Yukon Gold Miners Unearth Rare Trove of Woolly Mammoth Bones

Yukon Gold Miners Unearth Rare Trove of Woolly Mammoth Bones

In a tale that reads like an adventure straight out of history, a group of intrepid miners in Dawson City, Yukon, set out with hopes of striking gold. Little did they know, they were about to stumble upon a different kind of treasure—one that belonged to a time long past. As their shovels delved into the earth, they uncovered a stunning trove of woolly mammoth bones, igniting a captivating journey into prehistoric times.

A Discovery for the Ages

Miner Trey Charlie holds one of the unearthed bones at Little Flake Mine, located near Dawson City in Canada.
Miner Trey Charlie holds one of the unearthed bones at Little Flake Mine, located near Dawson City in Canada. | Image Source: Trey Charlie/Facebook

Trey Charlie, one of the miners at Little Flake Mine, described the discovery as a remarkable day in his career. He, along with a fellow miner, found themselves face-to-face with the remains of a long-extinct family of woolly mammoths. The excitement was palpable as they unearthed bones that had been hidden beneath layers of soil for millennia.

The bones, ranging from ribs to teeth and even a massive tusk, were not only awe-inspiring but also rich with potential insights into the distant past. The miners, despite not striking gold in the conventional sense, had struck a rich vein of history that held clues to the lives of these ancient giants.

A Family Reunion Frozen in Time

Upon closer examination, it became evident that the discovered fossils were not isolated remains but rather parts of a larger puzzle. Grant Zazula, the head paleontologist for the Yukon government, explained that they had come across the bones of three woolly mammoths—a large full-grown mammoth, a younger adult, and a juvenile. The significance of this find was not lost on Zazula; he speculated that these mammoths could have been part of the same family or herd, and their proximity suggested that they may have met their demise together.
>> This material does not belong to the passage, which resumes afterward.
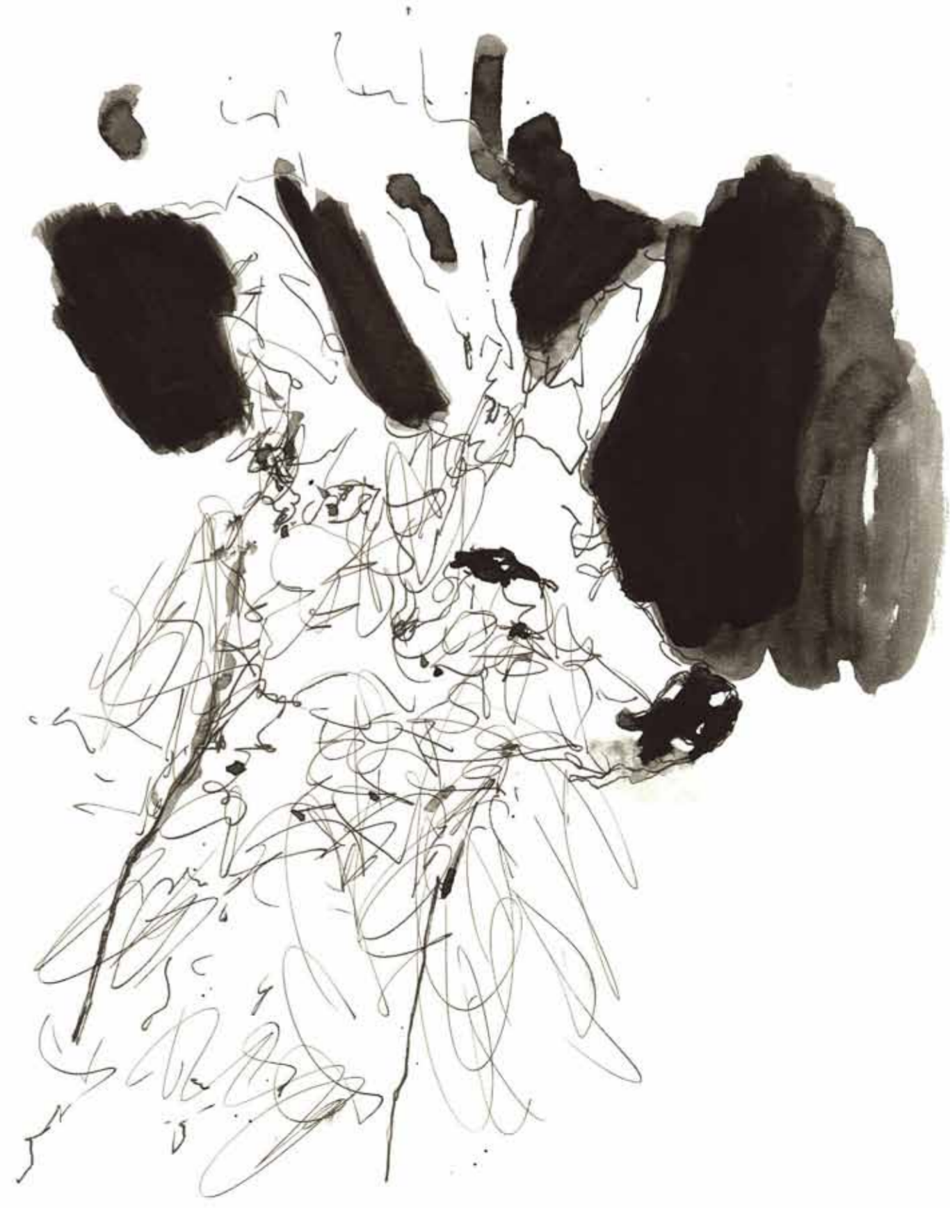
Rehbock, 2011, 32,5 x 23,5 cm Aquarell und Farbstift auf Papier

A paleontologist from Yukon grasps one of the mammoth's massive humerus bones.
A paleontologist from Yukon grasps one of the mammoth’s massive humerus bones. | Image Source: Government of Yukon

The bones were found in close proximity to a layer of volcanic tephra, indicating an age of around 29,000 years. This timeline neatly aligned with what scientists already knew about woolly mammoths, who are believed to have roamed the northern expanses of present-day Canada thousands of years ago.

A Glimpse into a Frozen Past

Woolly mammoths were perfectly adapted to the cold, dry, and treeless landscapes they inhabited. Their colossal frames and shaggy coats helped them brave the unforgiving conditions, but their reign eventually came to an end around 10,000 years ago. A combination of environmental challenges and human hunting contributed to their extinction, marking the close of an awe-inspiring chapter in Earth’s history.

Skeleton of a Mammoth in Smolensk Historical Museum
Skeleton of a Mammoth in Smolensk Historical Museum

Yet, the exact circumstances that led to the demise of these three woolly mammoths remain a mystery. Zazula likened the task of unraveling their fate to a detective story, and with the help of modern scientific techniques, the bones would yield their secrets. DNA analysis and carbon dating would offer valuable clues about their relationships and the time of their passing.

Echoes of the Past

While the unearthing of woolly mammoth bones might seem extraordinary, it’s a reminder of the intriguing stories the Earth holds within its layers. Throughout history, miners have inadvertently brought to light remnants of ancient times, just as they did during the Klondike Gold Rush of 1896. In fact, a decade ago, Yukon miners stumbled upon a complete mammoth skull, a testament to the hidden treasures that lie beneath the surface.

And sometimes, nature herself takes the role of an archaeologist. In 2016, a Canadian duck hunter found a woolly mammoth femur bone in the waters of Ontario’s Crow River, showcasing that remarkable finds can happen when least expected.

A Global Tale

The story of woolly mammoth bones isn’t confined to the icy reaches of northern Canada. A discovery of around 60 mammoth bones near Mexico City in 2020 revealed the widespread distribution of these ancient creatures. An exclamation by a Mexican archaeologist summed it up well: “There are too many, there are hundreds.”

Despite the many findings, the excitement of each discovery remains undiminished. Grant Zazula’s enthusiasm for the gold miners’ mammoth bones is infectious. As he looks forward to an exciting summer of exploration and analysis, it’s clear that these ancient remains continue to captivate and inspire us with the secrets they hold.


The accidental discovery of a trove of woolly mammoth bones by gold miners in the Yukon has offered a tantalizing glimpse into a world that existed tens of thousands of years ago. This extraordinary find speaks to the persistent allure of history hidden beneath the earth’s surface. As scientists delve into the remains, the story of these mammoths and their fate promises to enrich our understanding of the past and the mysteries it holds.